Après une année de cours à l’université de Saint-Pétersbourg, il y a toujours des choses qui continuent à m’étonner. Le système d’éducation est réellement différent. Dans les facultés qui touchent aux sciences exactes tout à l’aire de se passer assez bien vu que la Russie est reconnue pour fournir de très bons physiciens. En ce qui concerne le reste, j’ai plus de doutes. Bien sûr je ne peux parler que de la faculté de relations internationales mais il me semble que certaines observations peuvent être étendues à d’autres facultés. Durant cette année, j’ai suivi des cours intéressants et malgré les difficultés linguistiques, j’ai appris des choses intéressantes. Mais il y a certaines choses auxquelles je n’arrive pas à m’habituer.
Certains cours ne sont que de l’appris par cœur. Il n’y a parfois aucune réflexion mais juste des devoirs à remplir bêtement. Les examens se présentent souvent de la même façon, réciter des choses apprises par cœur. Par exemple, ce qu’ils considèrent important c’est de savoir qui a développé une théorie et quand. Mais ils ne confrontent jamais les théories les unes aux autres. Ils apprennent juste des faits. La triche aux examens est courante. J’ai entendu tellement d’exemples… Un ami m’a dit qu’un gars qui n’était jamais venu au cours était venu à l’examen avec son livre et avait tout recopié. Tout ça juste devant le prof et en programme de Master.
J’ai suivi des cours où tout était basé sur des points. Tu viens au cours, tu as un point.
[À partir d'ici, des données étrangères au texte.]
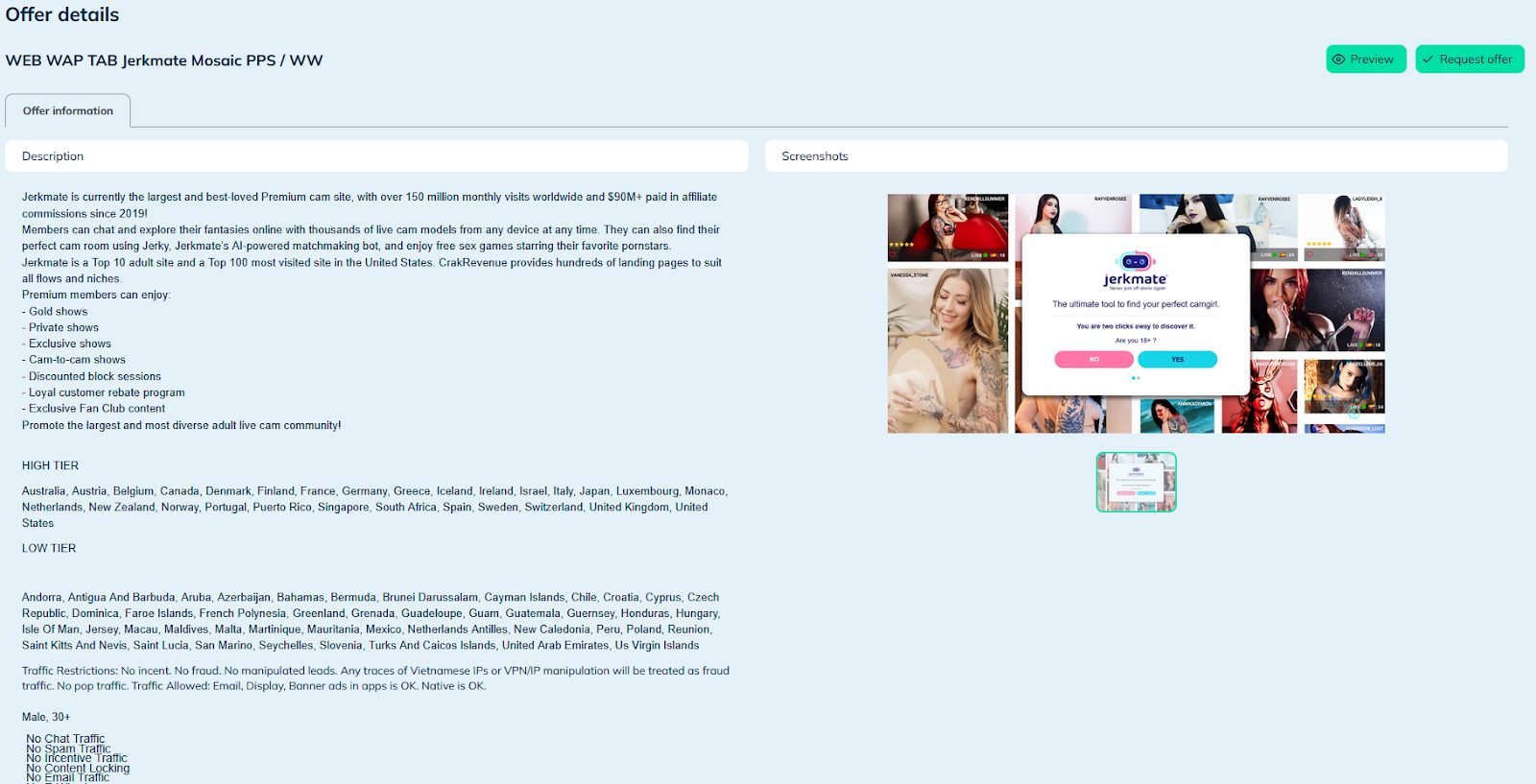 К адалту часто относят нутру категории 18+, то есть всякие БАДы для потенции, от простатита, кремы для увеличения члена и т.д. Но это все еще нутра. Я же приведу пример, который относится исключительно к адалту, — вебкам-платформа.

Tu fais une présentation, tu as cinq points. Tu participes, tu as tant de point etc.. Pour finir, cela donne une course au point sans que les étudiants ne s’intéressent vraiment au sujet. Les présentations ressemblent toujours à de bêtes exposés d’école secondaire préparé en 30 minutes le soir d’avant et recopier sur Wikipedia.
Au sein de l’université, il n’y a pas d’imprimante ou de photocopieuse. L’Internet est accessible seulement à certains endroits. Souvent les livres recommandés par les profs ne sont pas à la bibliothèque parce qu’ils sont trop chers à acheter. Ils en achètent alors d’autres moins chers et qui sont censé être équivalents.
Alors, je ne dis pas que tous les étudiants qui sortent de cette faculté sont des incapables parce qu’il y en a qui se donnent beaucoup de peine et qui sont réellement intéressés par la matière. Mais cela demande beaucoup d’énergie de leur part parce qu’ils n’ont pas vraiment le système et l’infrastructure qui les aide. Je les admire parce qu’ils se poussent en permanence. Ils essayent réellement d’apprendre quelque chose, de lire, de comprendre et de réfléchir alors que c’est tellement plus facile de juste se contenter de remplir les conditions de base. Il y a bien sûres aussi de bons professeurs mais malheureusement ils ne sont pas en majorité. Peut-être que tout cela est dû au fait que la faculté de relations internationales est nouvelle et qu’elle lui faut encore du temps pour s’établir correctement mais il me semble que certaines choses ne sont pas prêtes de changer. Je pense que les différences dans l’enseignement reflètent aussi les différences de culture. Beaucoup des professeurs de cette université enseignaient déjà à l’époque soviétique. C’est aussi une raison pour laquelle je ne regrette pas d’avoir suivi des cours là-bas. Cela m’a certainement permis de mieux comprendre le fonctionnement de ce pays.